A native of Natick, Massachusetts, landscape and mural painter Charles Francis Browne would become associated with the Chicago art scene for much of his professional life.
He had trained at the Boston Museum School before gaining acceptance to the Pennsylvania Academy of Fine Arts in 1885, where he studied under Thomas Eakins, considered one of the most prolific Realist painters in American art history. He next traveled to Paris to study at the Academie Julian under Jean Leon Gerome, another legendary painter of the Academic school in France.

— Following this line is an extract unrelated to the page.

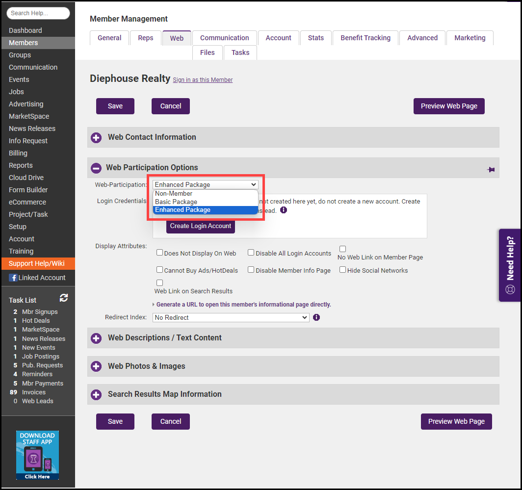 After the Marketing Package has been added to your database, indicate which member(s) should have enhanced Business Directory options by changing their Web Participation status to Enhanced. If the Marketing Package selections are not currently available in your database (such as the Marketing tab or the Enhanced Web Participation selection) contact our Account Management Team.

By the early 1890s he had returned to the United States where he journeyed into the American West with his friends Hermon Atkins MacNeil, a noted sculptor, and Hamlin Garland, a writer. They visited many Native American reservations in Arizona and New Mexico, and what Browne witnessed in these locations would serve as his subject matter for subsequent works in the years to come.
He continued to travel, when he served as the Assistant Art Commissioner in South America to Buenos Aires and Santiago, and played a strong role in the Panama Pacific Exposition of 1915, where he was awarded for his submissions.

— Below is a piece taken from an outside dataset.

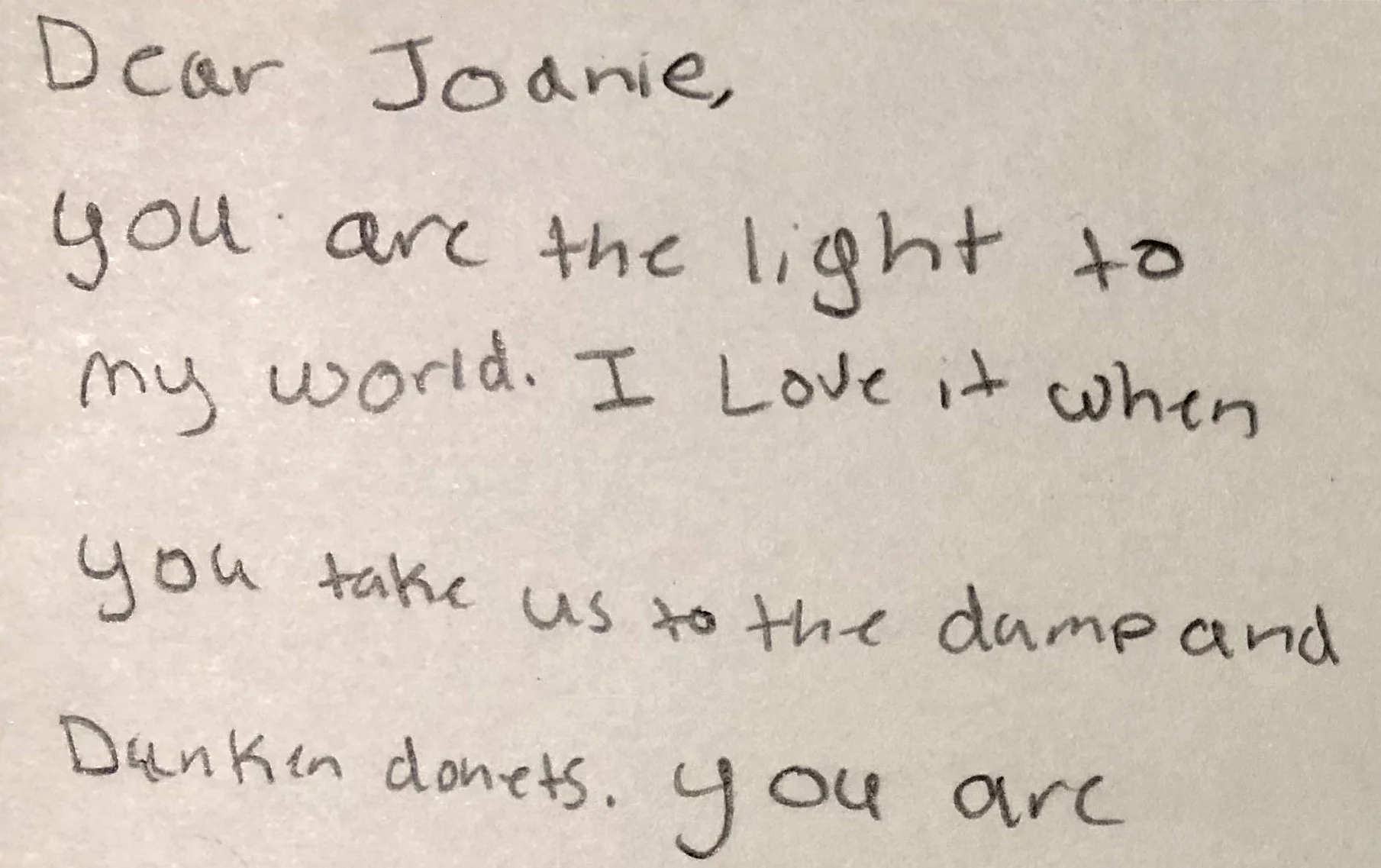 Just hours after I finished writing my last post about my friend leaving a trail of light, I received a precious Godwink. One of my ‘littles’ visiting from Texas handed me a thank you card which began, “Dear Joanie, You are the light in my world. I love when you take us to the dump and Dunkin’ Donuts…” It was a Divine reminder that we don’t have to be doing great things to make a difference. Who knew a trip to the dump could inspire such gratitude?

He was an instructor at the Art Institute of Chicago, and maintained a studio in the city. He served as a founder of the "Brush and Pencil Club" and was a President of the Chicago Society of Artists, as well as a member of the Western Society of Artists. He was also a founding member of the Eagle's Nest Art Colony in Illinois, and spent many summers in the area, right up until his final summer in 1919.
His works are in several museum collections, including the Wright Museum of Art in Wisconsin and the Union League Club of Chicago.